Table of Contents
THIS DAY IN GAY HISTORY
based on: The White Crane Institute's 'Gay Wisdom', Gay Birthdays, Gay For Today, Famous GLBT, glbt-Gay Encylopedia, Today in Gay History, Wikipedia, and more …
Collected by Ted
Bill Tilden with a protégé
1893 – The American tennis player legend Bill Tilden was born on this date (d.1953). Born William Tatem Tilden II (often called "Big Bill"), he was an American tennis player who was the World No. 1 player for 7 years, the last time when he was 38 years old. Born in Philadelphia, Pennsylvania, to a wealthy family, he was a "Junior" at birth but changed his name to "II" when he was in his mid-20s.
Tilden was born into a wealthy Philadelphia family. He lost his semi-invalid mother when he was 15 and was sent a few houses away to live with a maiden aunt. The subsequent loss at 19 of his father and older brother marked him deeply. After several months of deep depression, and with encouragement from his aunt, tennis became his primary means of recovery.
According to his biographer Frank Deford, because of his early family losses Tilden spent all of his adult life attempting to create a father-son relationship with a long succession of ballboys and youthful tennis protégés, of whom Vinnie Richards was the most noted. In spite of his world-wide travels, Tilden lived at his aunt's house until 1941 when he was 48 years old. He had no sexual relationships with women at all and apparently very few sexual encounters with members of his own sex until he was well into his 40s and becoming increasingly effeminate in his mannerisms, particularly in the more liberal atmosphere of 1930s Europe.

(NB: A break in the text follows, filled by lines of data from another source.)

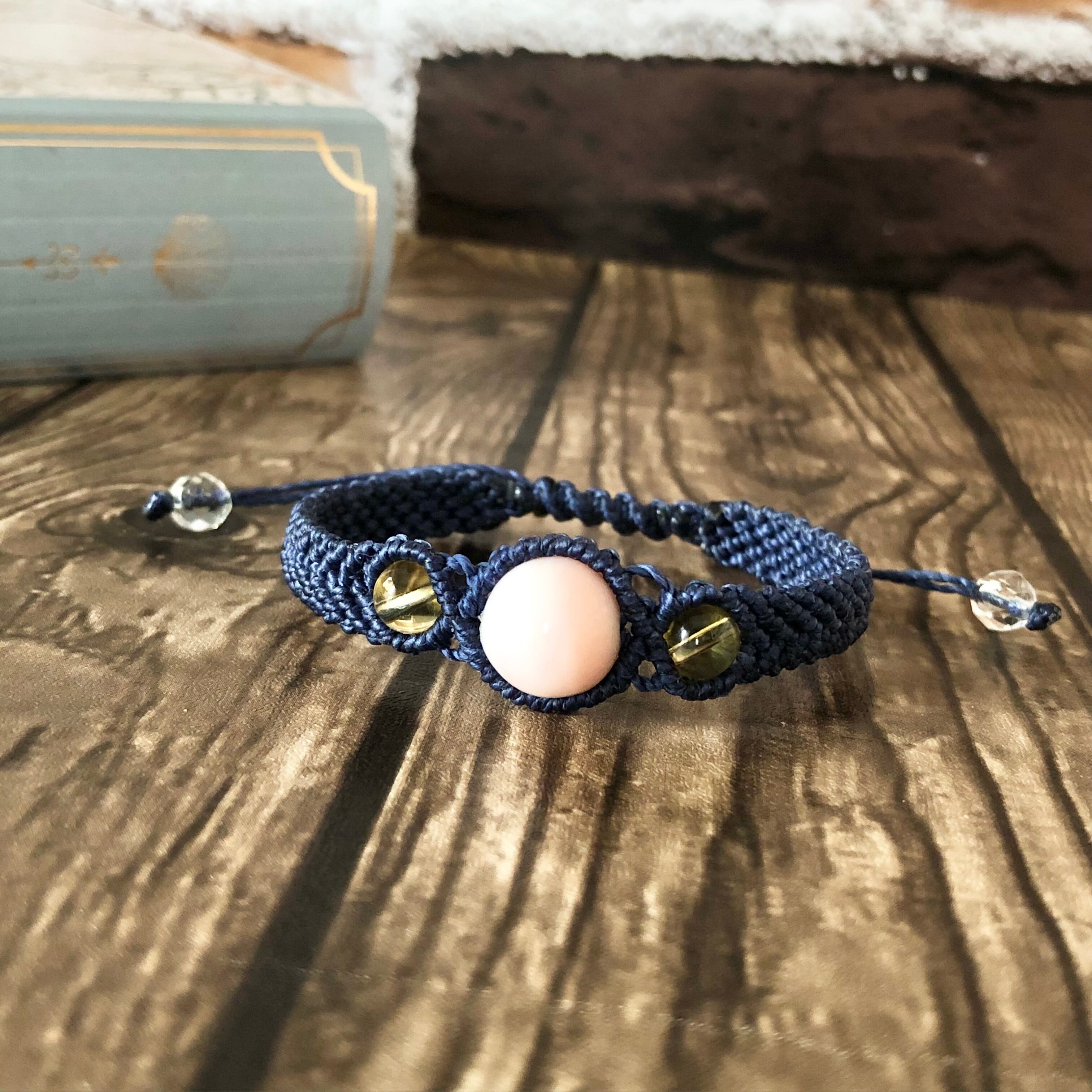 ピンクオパール、シトリン、水晶を使用した、ハンドメイドのマクラメ編みブレスレットです。
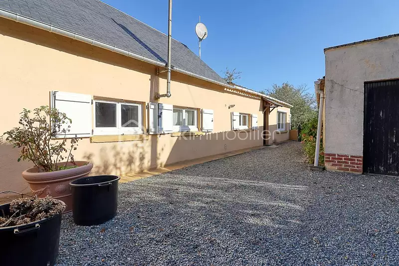 Dans un bourg avec commerces et écoles, cette maison vivable de plain pied se compose de :
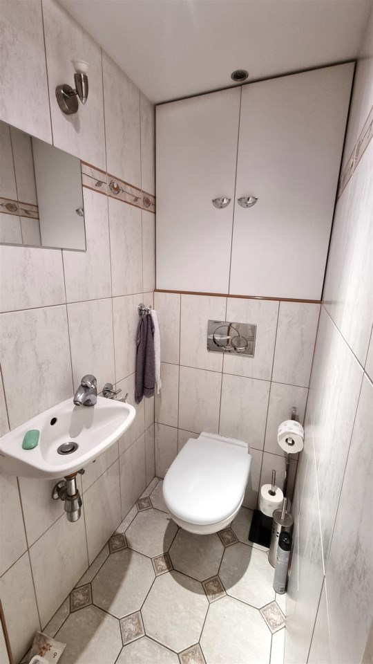 - WC z sedesem i umywalką, , glazura, terakota
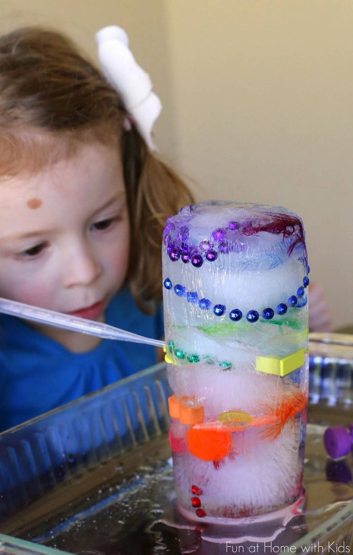 The limits are endless with what items to choose for your ice tower. Here is how to make your own rainbow ice tower excavation project.
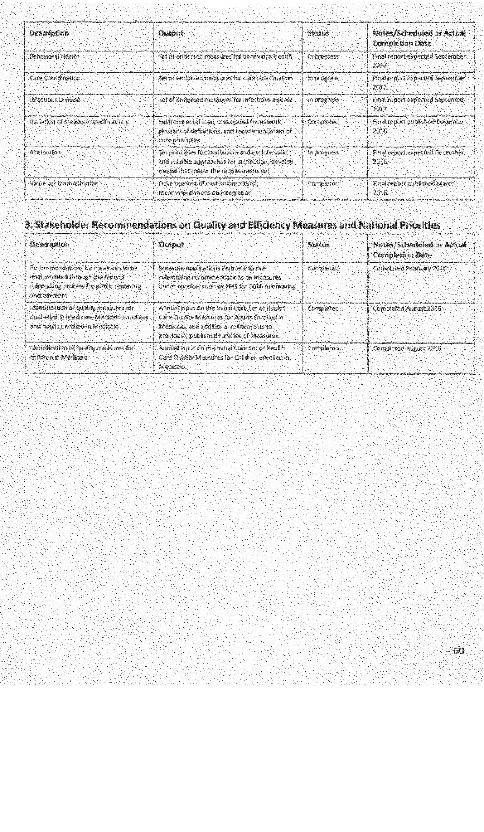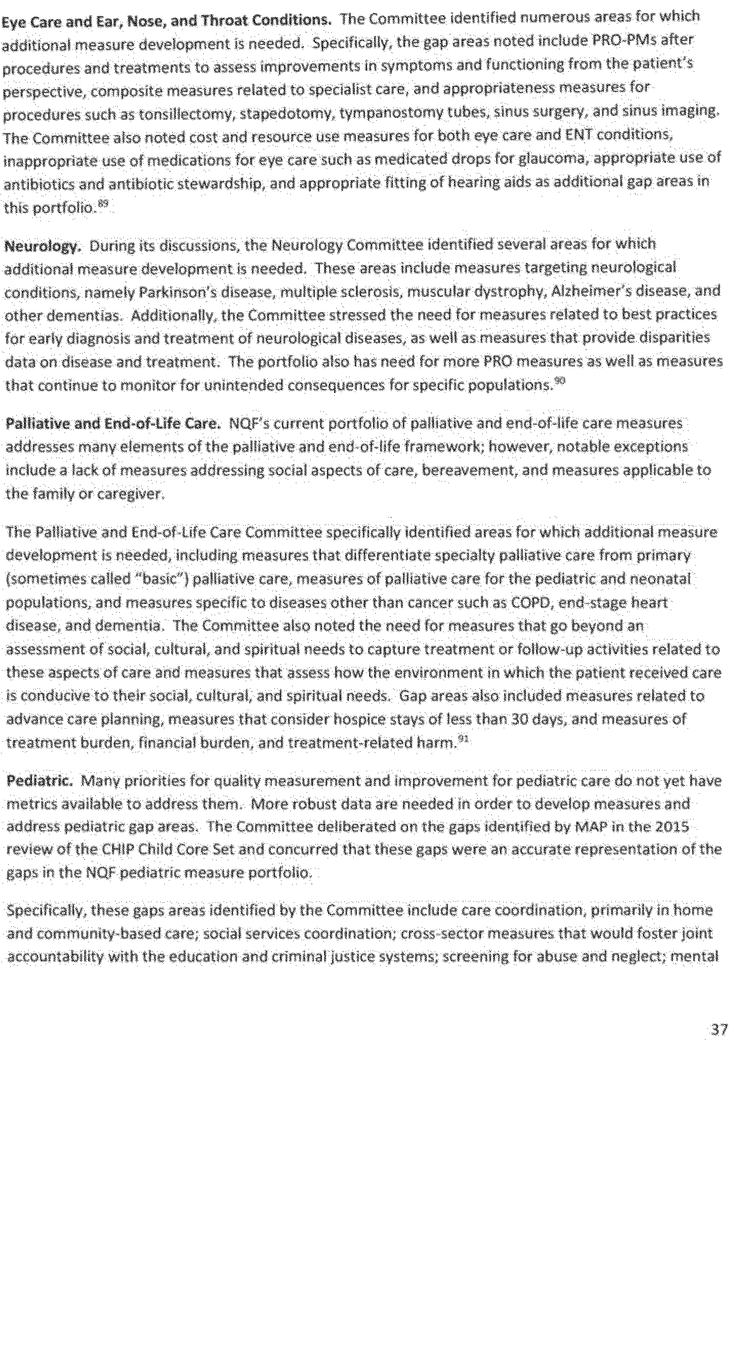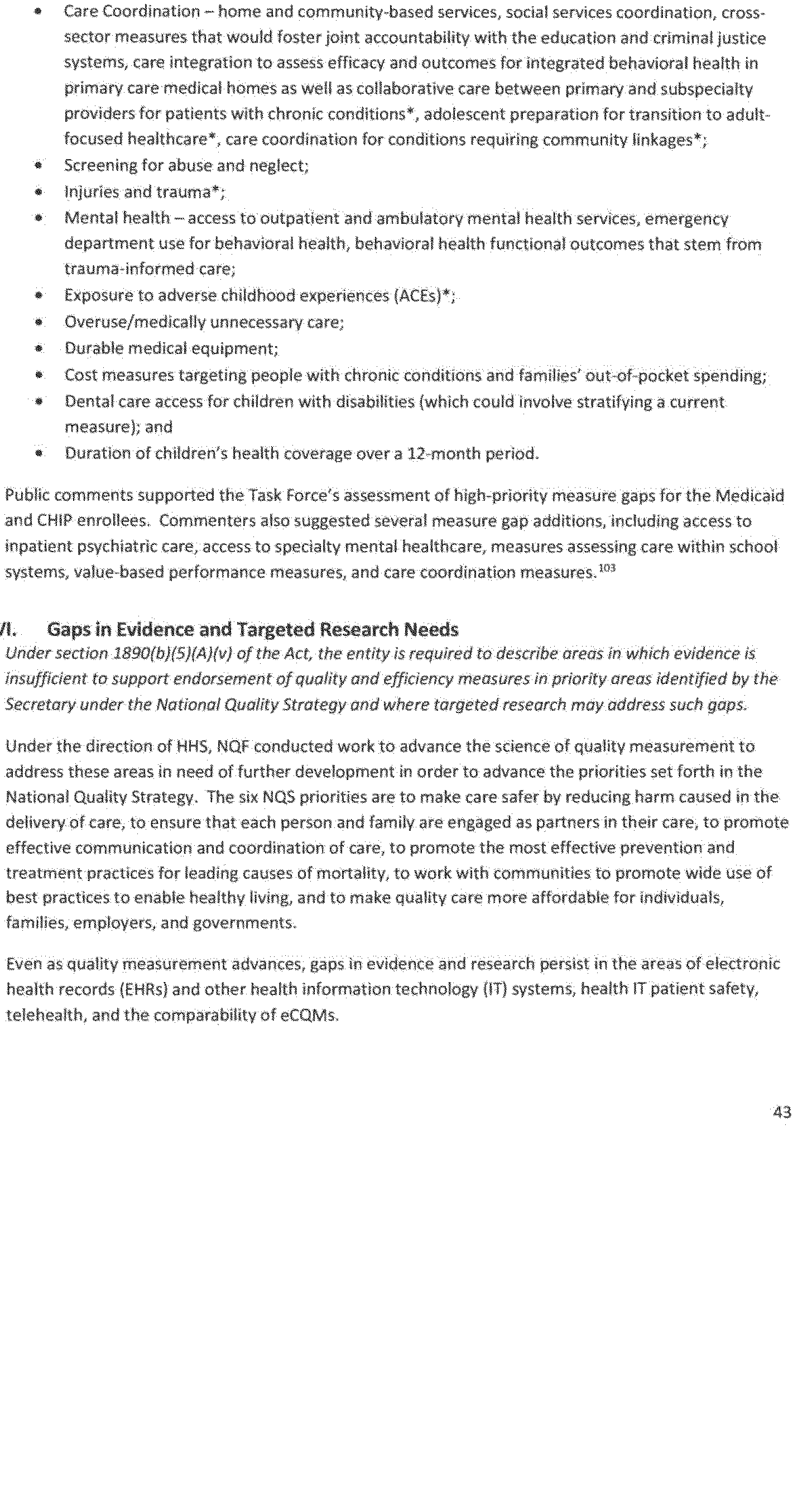 - Gaps in endorsed quality and efficiency measures, including measures that are within priority areas identified by the Secretary under the national strategy established under section 399HH of the Public Health Service Act (National Quality Strategy), and where quality and efficiency measures are unavailable or inadequate to identify or address such gaps;
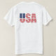 Men's popular t-shirt is shown in white with a USA Flag graphic print, perfect for July 4th holiday or any other patriotic moment, this t-shirt is made of quality materials and craftsmanship and is available in more colours. The graphic print is shown on the back.

Although Tilden almost never drank, he smoked heavily and disdained what today would be considered a healthy life style for an athlete; for most of his life his diet consisted of 3 enormous meals a day of steak and potatoes, with, perhaps, the occasional lamb chop.
Tilden was a champion player, one of the most influential persons in the history of tennis. He was also perhaps the most paradoxical figure in the history of any sport: a Gay man who almost single-handedly changed the image of tennis from that of a "sissy" country-club sport played only by rich white people in long white pants or ankle-length skirts to that of a major sport played by robust, world-class athletes. In the United States' sports-mad decade of the Roaring 20's Tilden was one of the five dominant figures of the "Golden Virgins of Sport", along with Babe Ruth, Howie Morenz, Red Grange, Bobby Jones, and Jack Dempsey. His subsequent arrests and convictions on charges of solicitation cast a shadow over his illustrious career.
Although Tilden had been born to wealth, and earned large sums of money, he spent it lavishly, keeping a suite at the Algonquin Hotel. Much of his income went towards financing Broadway shows that he wrote, produced, and starred in. The last part of his life was spent quietly and away from his family, occasionally participating in celebrity tennis matches. He died in Los Angeles, California. He was preparing to leave for the United States Professional Championship tournament in Cleveland, Ohio, when he fell dead of a stroke. Tilden was inducted into the International Tennis Hall of Fame in Newport, Rhode Island, in 1959.
1897 – Today's the birthday of Australian born stage and screen actor Dame Judith Anderson (d.1992). She won two Emmy Awards and a Tony Award and was also nominated for a Grammy Award and an Academy Award. Born in Adelaide, South Australia, Australia, Anderson made her professional debut as Francee Anderson in 1915 at the age of seventeen in Sydney and moved to New York three years later.
By the early 1930s, she had established herself as one of the greatest theatre actresses of her era and she was a major star on Broadway throughout the 1930s, 1940s, and 1950s. In 1931, she played the "Unknown Woman" in the American premiere of Luigi Pirandello's As You Desire Me, filmed the following year with Greta Garbo in the same role. This was followed by Eugene O'Neill's Mourning Becomes Electra, Luigi Chiarelli's The Mask and the Face, with Humphrey Bogart, and Zoe Akins' The Old Maid from the novel by Edith Wharton, in the role later played on film by Bette Davis. In 1936, Anderson played Gertrude to John Gielgud's Hamlet in a production which also featured Lillian Gish as Ophelia.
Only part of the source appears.